Reputation: 441
I want to implement lstms with CNN in pytorch as my data is a time series data i.e. frames of video for heart rate detection, I am struggling with the input and output dimensions for lstms what and how i should properly configure the dimensions/parameters/arguments at input of lstms in pytorch as its quite confusing when considering time steps, hidden state etc. my output from CNN is “2 batches of 256 frames”, which is now the input to lstms batch is 2 features =256 the output is also a batch of 2 with 256 frames.
Upvotes: 1
Views: 1458
Reputation: 1741
Generally, the input shape of sequential data takes the form (batch_size, seq_len, num_features)
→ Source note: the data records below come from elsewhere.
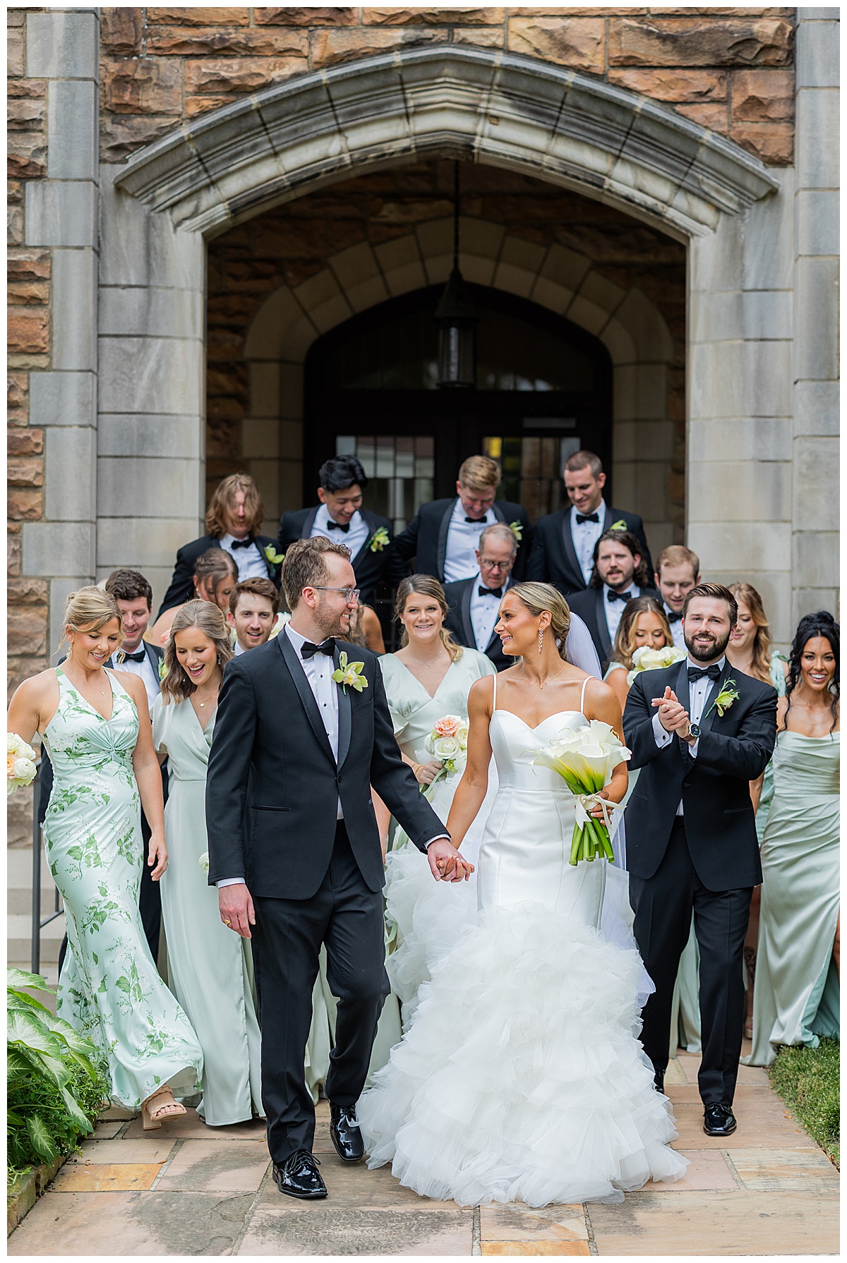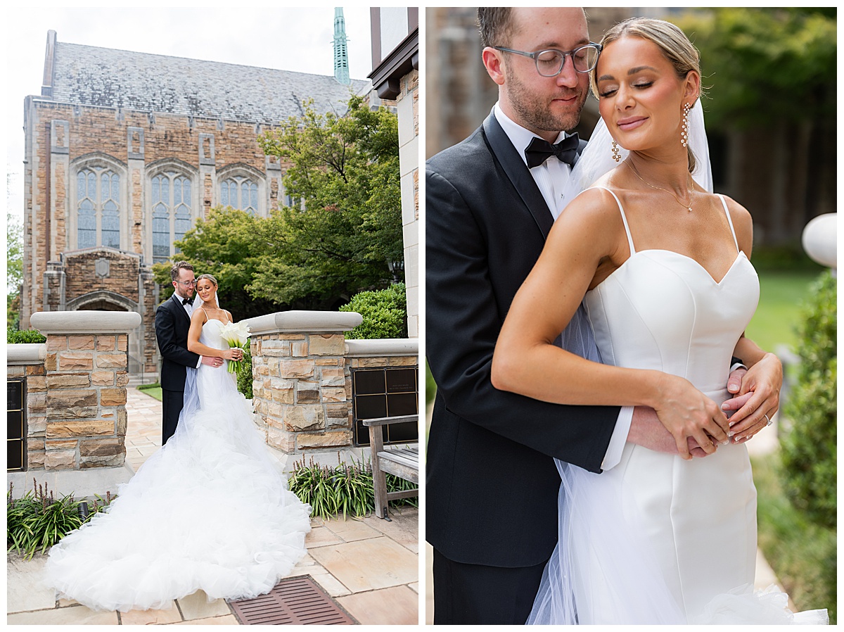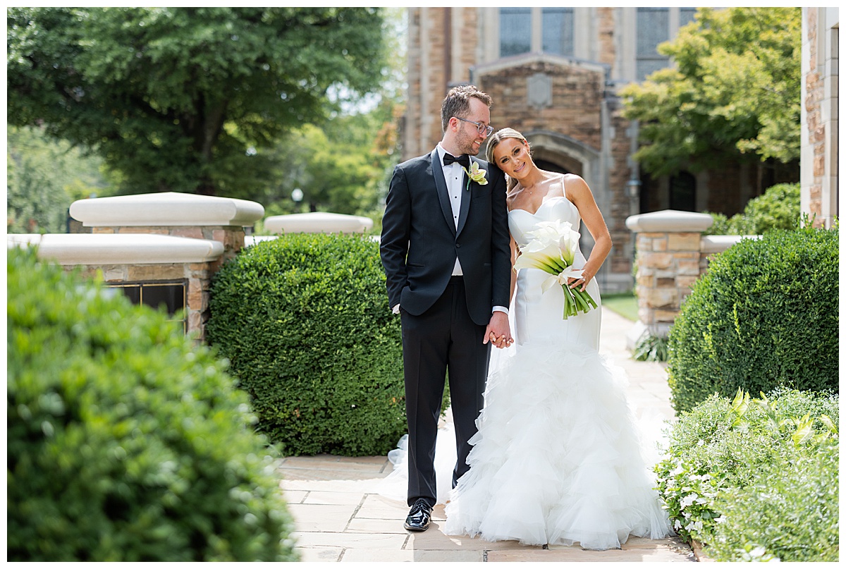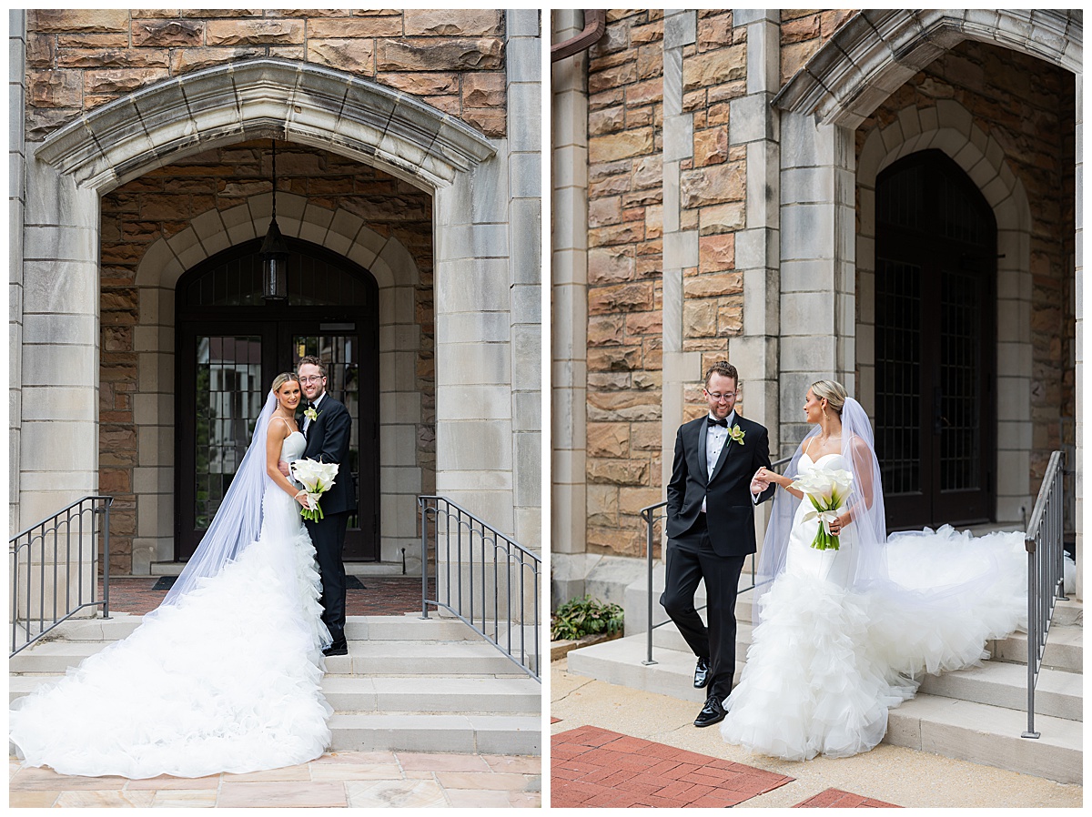 After the ceremony, we slipped away for portraits before heading to the reception. The stone arches and timeless architecture of Independent Presbyterian Church created the dreamiest backdrop. Hand in hand, laughing together, they looked like they were made for being married to each other.
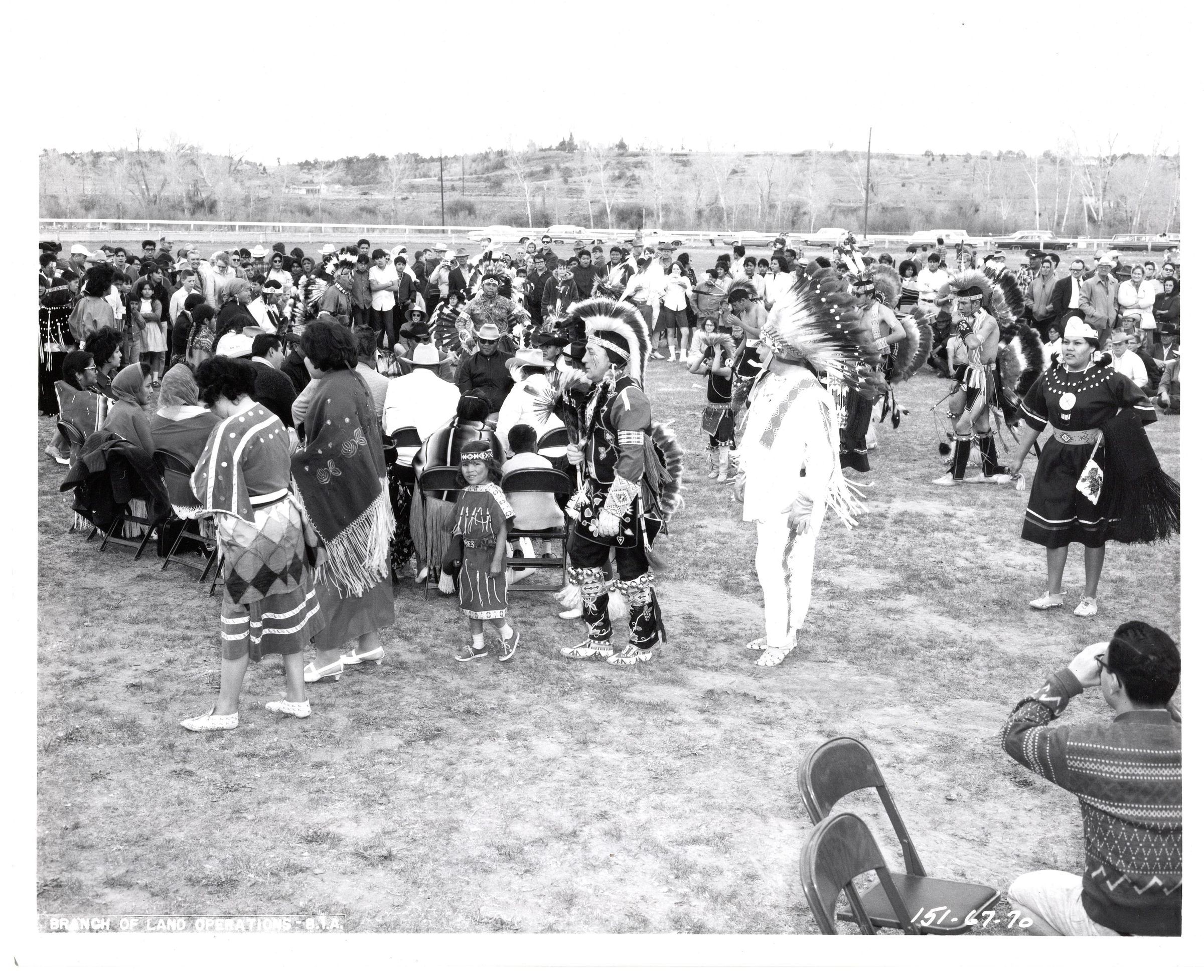 Black and white photograph of dancers around a drumming circle at a powwow. There is a crowd in the background. The man in the middle of the photo is wearing a large roach and bustle and the man behind him is wearing a headdress and all buckskin shirt and pants with fringe. There is a small child in front of the man with the roach. Typed in the bottom left corner of the photo "Branch of Land Operations - B.I.A." and in white in the opposite corner "151-67-70".Collection
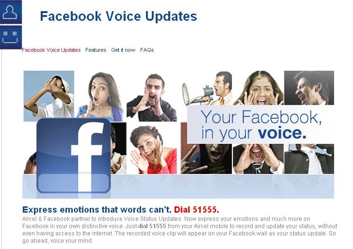 NEW YORK, Estados Unidos.- Las redes sociales ocupan cada vez tiempo en la vida de los usuarios. Para solucionarlo, Facebook India habilitó un servicio para que los internautas puedan actualizar sus estados mediante una grabación de voz.
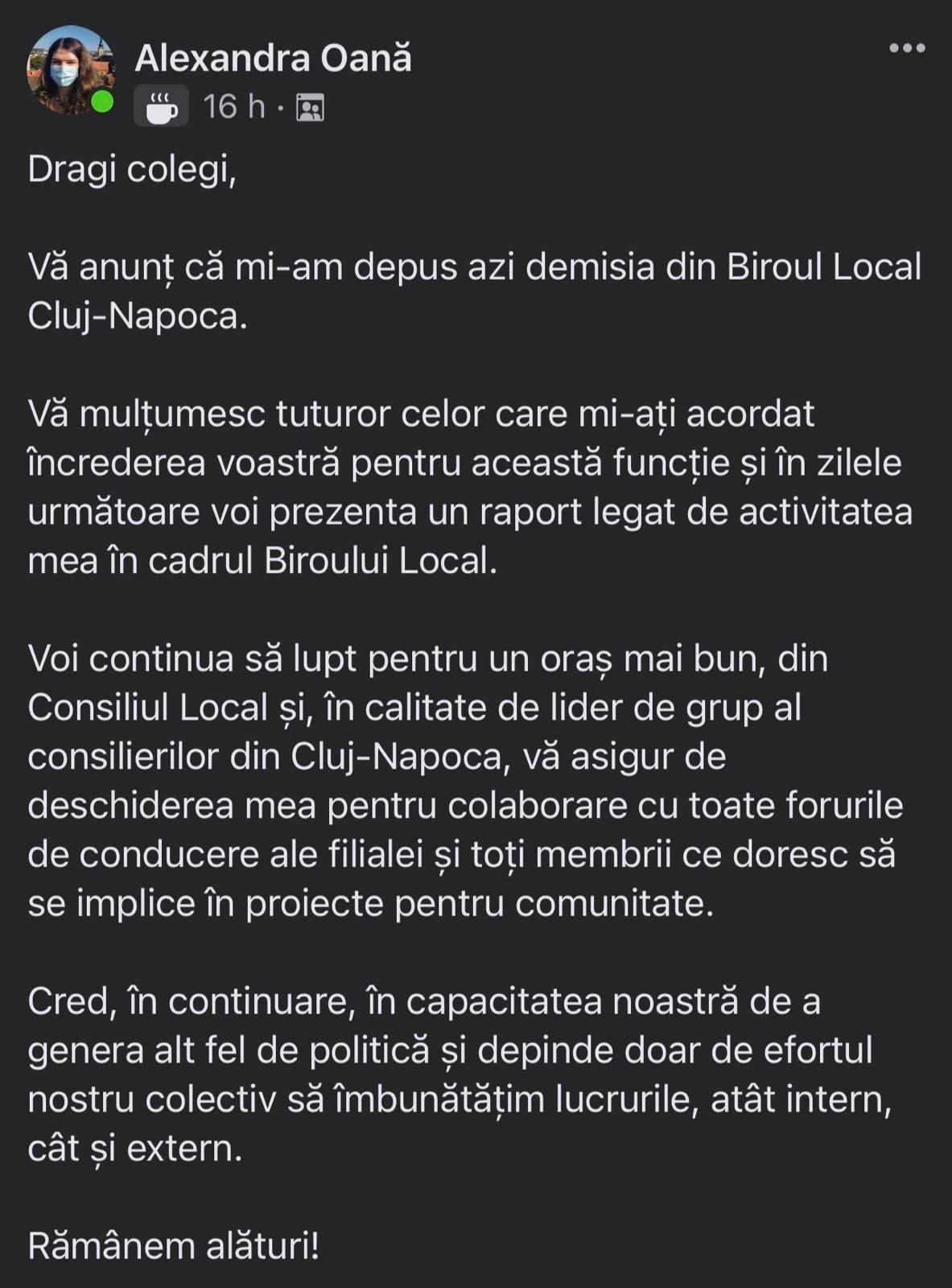 Voi continua să lupt pentru un oraş mai bun, din Consiliul Local şi, în calitate de lider de grup al consilierilor din Cluj-Napoca, vă asigur de deschiderea mea pentru colaborare cu toate forurile de conducere ale filialei şi toţi membrii ce doresc să se implice în proiecte pentru comunitate. Cred, în continuare, în capacitatea noastră de a genera alt fel de politică şi depinde doar de efortul nostru colectiv să îmbunătăţim lucrurile, atât intern, cât şi extern. Rămânem alături!”, a anunțat și consilierul local Alexandra Oană.
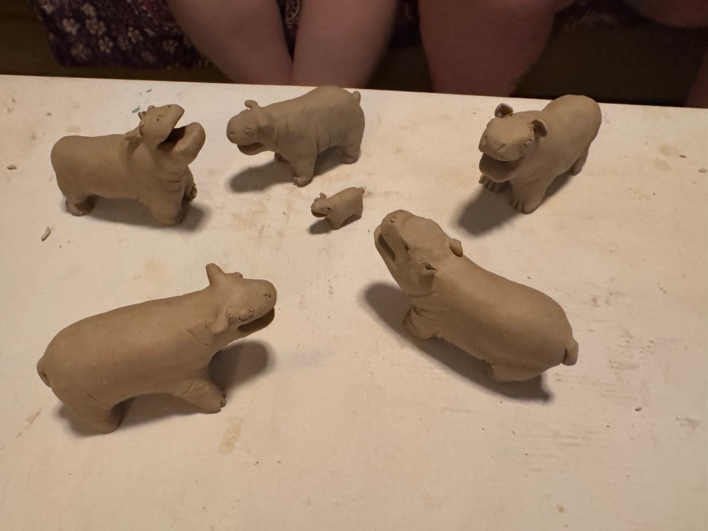 At home, the healing continued in a different way. My living room became an impromptu studio one evening, when a few friends came over with clay in hand. We spent hours creating small sculptures of Moo Deng, a baby hippopotamus in Thailand who went internationally viral on social media, and laughed at our own attempts to capture her character. It wasn’t about skill or perfection, it was about the joy of creating together. Those moments were medicine. They brought laughter and connection back into a life that had felt so focused on pain and recovery. The Moo Deng sculptures have become a reminder of resilience, whimsy, and the simple power of being with people who care about you.
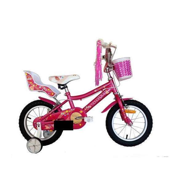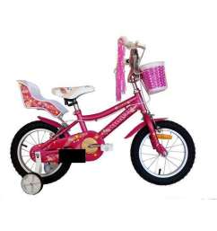 Bicicleta de 14" con cuadro de acero Hi Ten resistente, para niñas de más de 4 años que midan de 90-105 cm, rodamientos de acero, neumáticos de 14 x 2,125, llantas de aluminio, estabiciclos para iniciarse en el ciclismo, con guardabarros, cesta y portamuñecas. Fácil montaje, viene el 85% montada, con libro de instrucciones. Peso de la bicicleta 10 Kg.
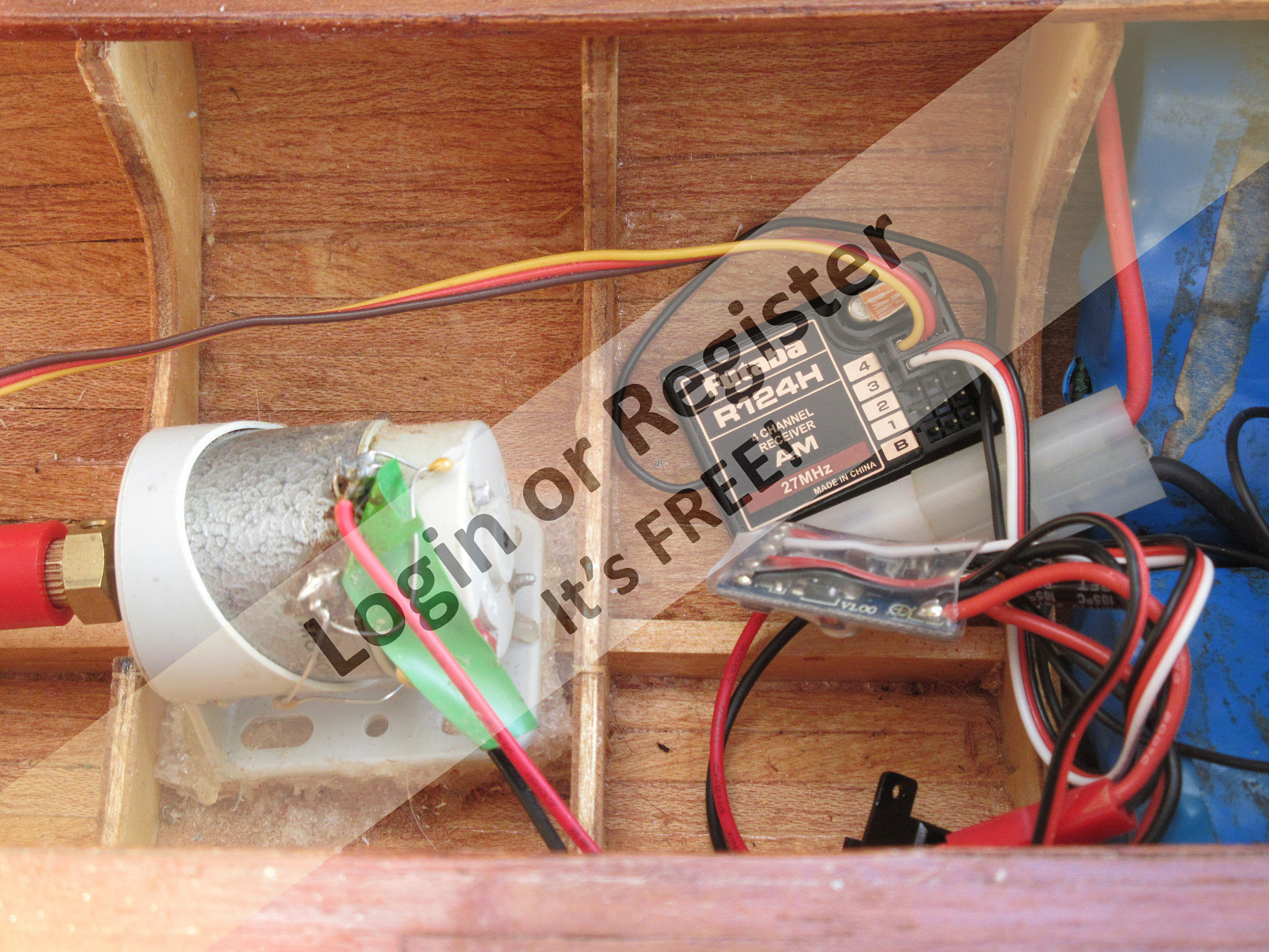 I use a special shape 6 cell sub-C nimh pack in 2 off 3 cell, side by side units under the main mast, if you use LiPo then some extra ballast is needed. Full speed at 1 amp on 7.2 volts works nicely.
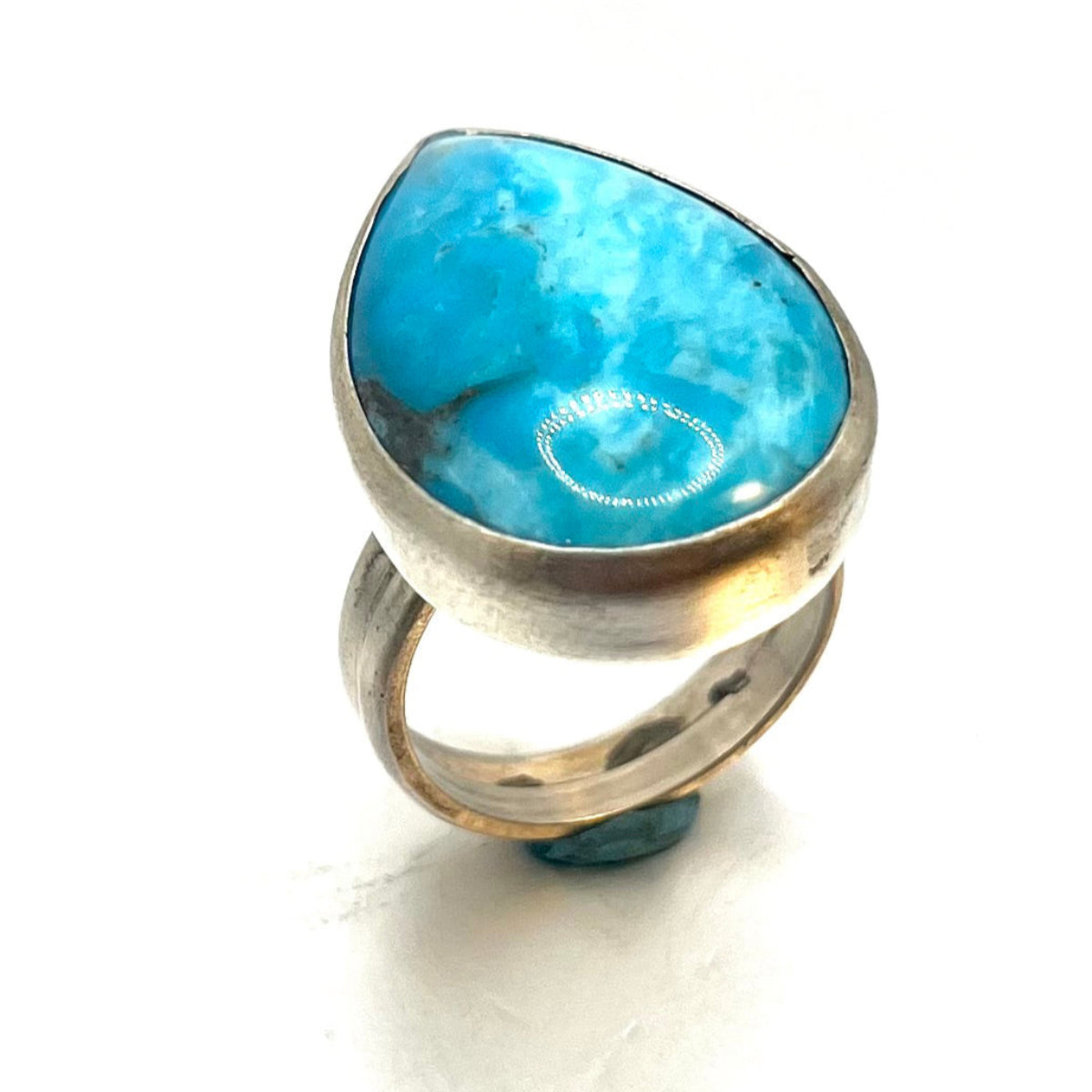 Sterling Silver Inlay Cabochon Ring with Turquoise and Micarta II

. Based on your explanation, I assume your input is of the form (2, 256)
, where 2 is the batch size and 256 is the sequence length of scalars (1-dimensional tensor). Therefore, you should reshape your input to be (2, 256, 1)
by inputs.unsqueeze(2)
.
To declare and use an LSTM model, simply try
from torch import nn
model = nn.LSTM(
input_size=1, # 1-dimensional features
batch_first=True, # batch is the first (zero-th) dimension
hidden_size=some_hidden_size, # maybe 64, 128, etc.
num_layers=some_num_layers, # maybe 1 or 2
proj_size=1, # output should also be 1-dimensional
)
outputs, (hidden_state, cell_state) = model(inputs)
Upvotes: 1